I was traveling this week for work. I spent the week in Los Angeles. On Thursday a request came to my inbox for pet partner teams to visit the Riverside Clinic Cancer Center here in Minneapolis and spend time with cancer patients undergoing chemo treatment. I've been wanting for my dog Ahnung (a therapy dog) and I to do just that! If you set the intention out there it's amazing what happens. My dog and I were "called" to volunteer in hospice. Now something has been "calling" me to volunteer with cancer patients.
Then on my last night in Los Angeles as I kept hearing about the Stand Up 2 Cancer campaign I was gently nudged to check on the lump in my left breast. It's been a little over 3 weeks now since my MRI guided biopsy where I developed a hematoma that prevented the surgeon at Mayo to check on the lump in my breast. I was told it will be about 3 weeks for the swelling to go down after which I need to check on the lump and see if it has changed or grown. Thursday night I checked -- the swelling from the blood clot had gone done but much to my dismay the lump has grown. It almost feels like it's starting to have a life of it's own. I know I need to call my surgeon up and to let her know. I know that this probably means another surgery. I know this means more waiting. I had two surgeries in 2009 to remove two lumps. So called "blessings", or as my doctors have said, I am lucky that lumps have formed around these atypical cells. I believe it's God telling me, "Pay Attention" ... "Notice" ... "Listen."
How do I practice staying in the moment when my mind wants to shoot forward, to race again and play out all the various scenarios? How do I find peace in the midst of the unknown? How do I not let fear consume me?

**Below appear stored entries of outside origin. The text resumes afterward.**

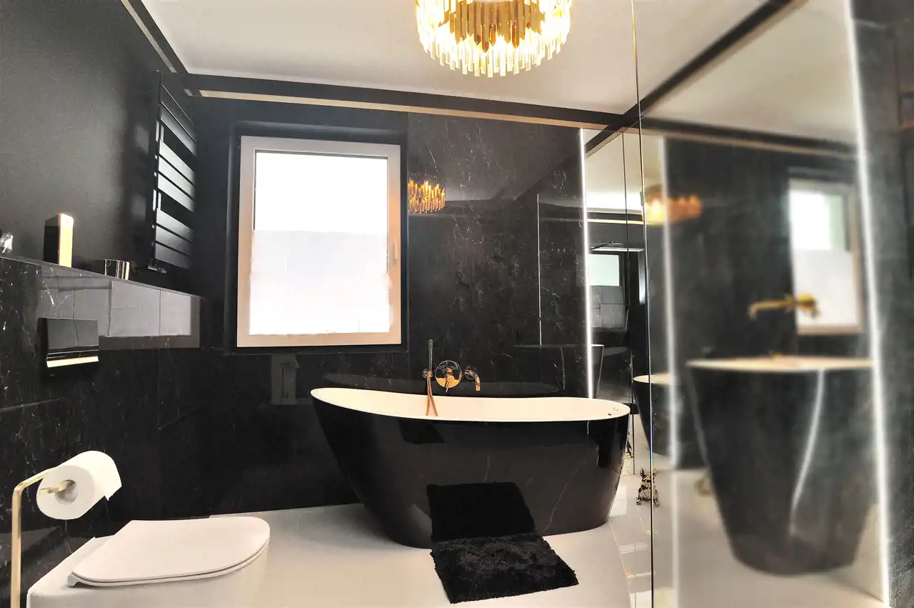 Dodatkowym atutem jest ogrzewanie podłogowe, zapewniające komfort ciepła w chłodniejsze dni.
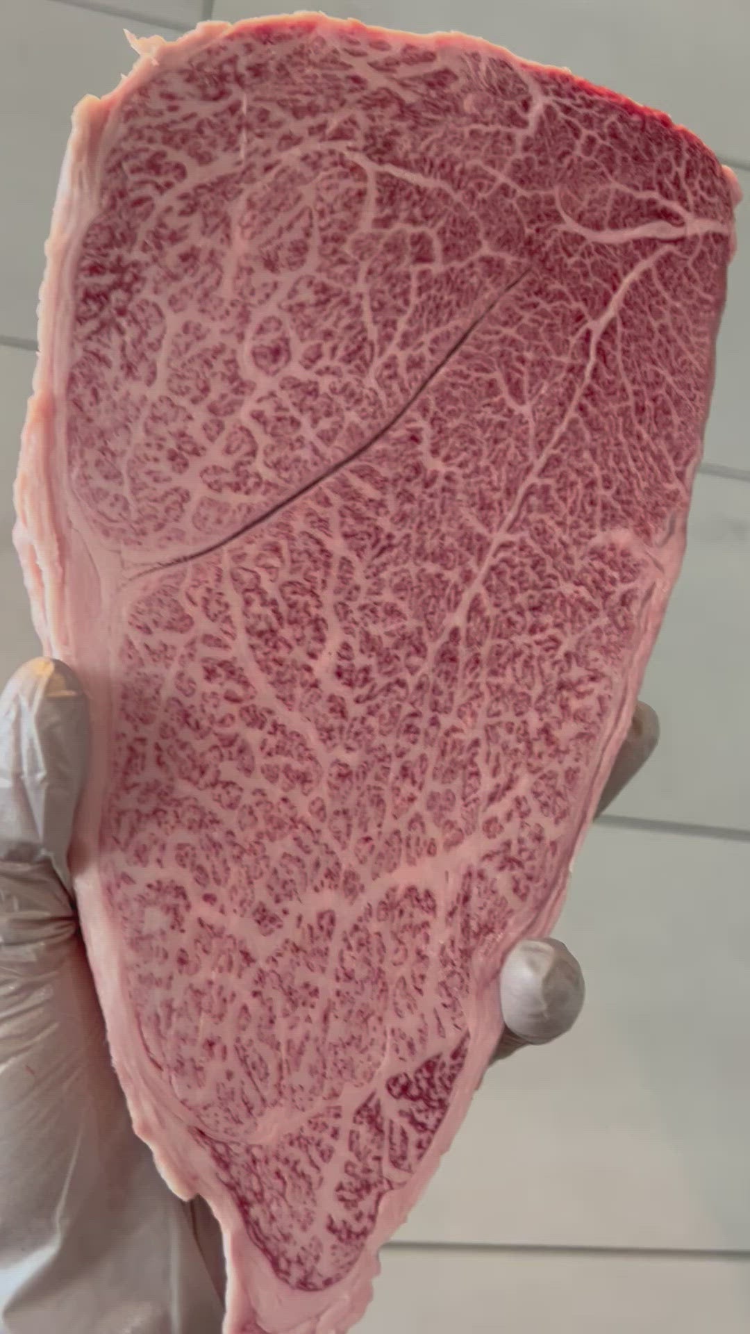 This BMS 10 shoulder cut combines both the fattiness of A5 & the texture + flavor from a muscle that moves, the shoulder. This cut is a great balance of meaty, textured, & extremely well & evenly marbled beef.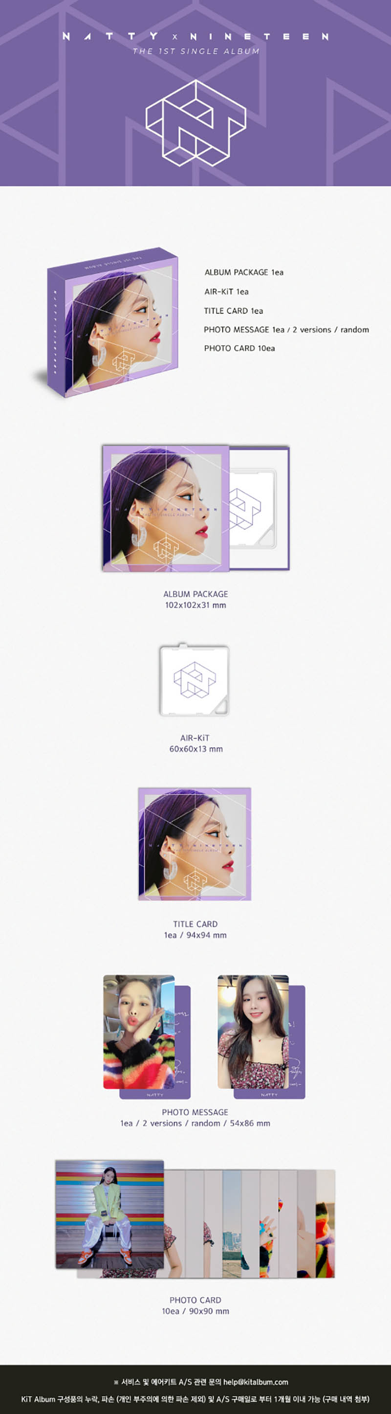 나띠의 데뷔 앨범 '나인틴'의 자켓이미지가 담긴 타이틀 카드, 나띠의 셀카와 손글씨로 쓰여진 포토 메세지, 19살 나띠의 다양한 모습을 볼 수 있는 포토 카드 등이 키트 앨범을 구성하고 있어 팬들의 소장 욕구를 자극하고 있다.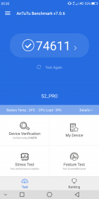 Ako býva zvykom, takmer u všetkých menej známych čínskych výrobcov pri výbere CPU a tým pádom aj GPU padá voľba väčšinou na čipy Helio. U S2 Pro nájdeme čip Helio P25 a GPU Mali-T880, ktorý je doplnený o 6GB RAM a 128GB vnútornej pamäte. Parametre sú to na čínsky telefón pomerne slušné. Čo sa týka bežnej práce s telefónom, nejaké extra výhrady k telefónu nemám. Samozrejme si treba uvedomiť, že to nie je high end trieda a rýchlosť prostredia a prepínanie medzi obrazovkami nebude tak rýchle ako u OnePlus 5/5T, Samsung S8/S9, či Huawei telefónov. S multitaskingom nebudete mať na S2 Pro žiaden problém. V pamäti dokáže bežať približne 23-25 programov či hier. Pri hraní graficky náročných hier počítajte s mierným sekaním.

This coming Wednesday I also meet with my GI doctor. It's my 6 month follow-up to check on the status of my pancreas. The good thing is that i've been feeling great physically. The enzymes I've been taking have done wonders. No more weight loss, no more fatigue. Heck, I'm training for a half marathon! Will the comprehensive blood panel that he will request come back showing that everything is good? Two things my doctor has mentioned and why he wants to monitor me closely: diabetes and pancreatic cancer. He seems more concerned of the possibility of it leading to diabetes but did share with me that a possible cause, albeit less common cause, of pancreatic insufficiency is pancreatic cancer.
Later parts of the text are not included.